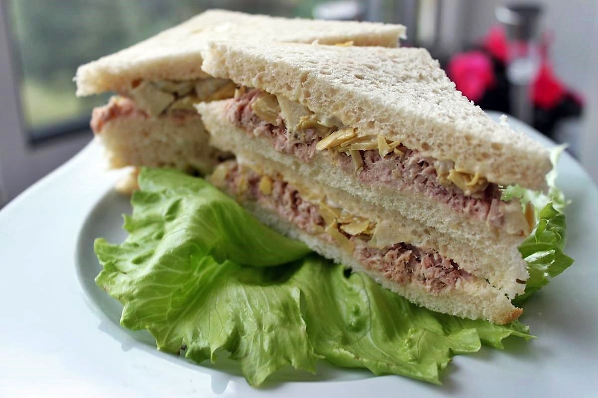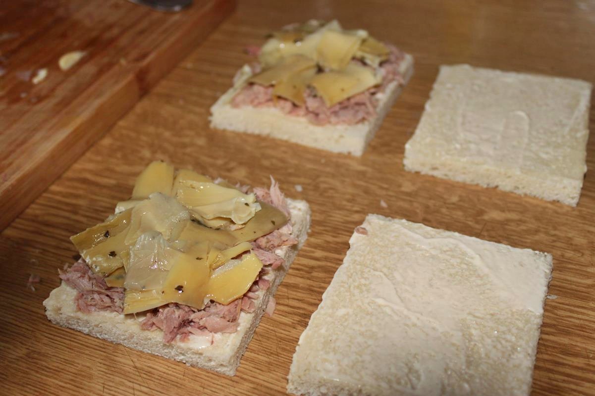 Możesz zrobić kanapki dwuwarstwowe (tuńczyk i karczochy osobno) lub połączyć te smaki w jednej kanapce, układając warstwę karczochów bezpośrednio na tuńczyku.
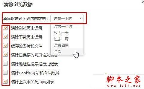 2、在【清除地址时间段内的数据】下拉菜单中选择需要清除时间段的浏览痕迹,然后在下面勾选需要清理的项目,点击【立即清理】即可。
* * *
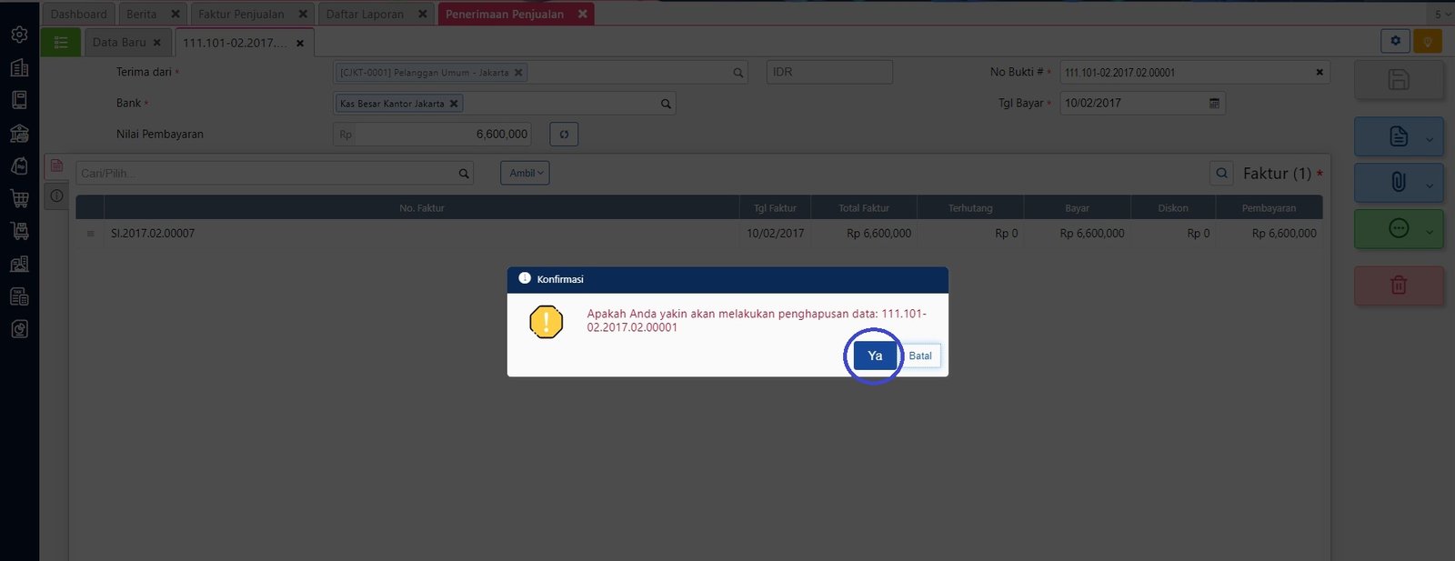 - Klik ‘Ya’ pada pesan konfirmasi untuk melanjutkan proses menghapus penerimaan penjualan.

◆ **PROBLEM TO SOLVE**
Find the line with "Możesz zrobić kanapki" in the data above, and from there retype each line exactly through the line with "2、在【清除地址时间段内的数", skipping the pictures along the way.

◆ **WRITTEN SOLUTION**
 Możesz zrobić kanapki dwuwarstwowe (tuńczyk i karczochy osobno) lub połączyć te smaki w jednej kanapce, układając warstwę karczochów bezpośrednio na tuńczyku.
 2、在【清除地址时间段内的数据】下拉菜单中选择需要清除时间段的浏览痕迹,然后在下面勾选需要清理的项目,点击【立即清理】即可。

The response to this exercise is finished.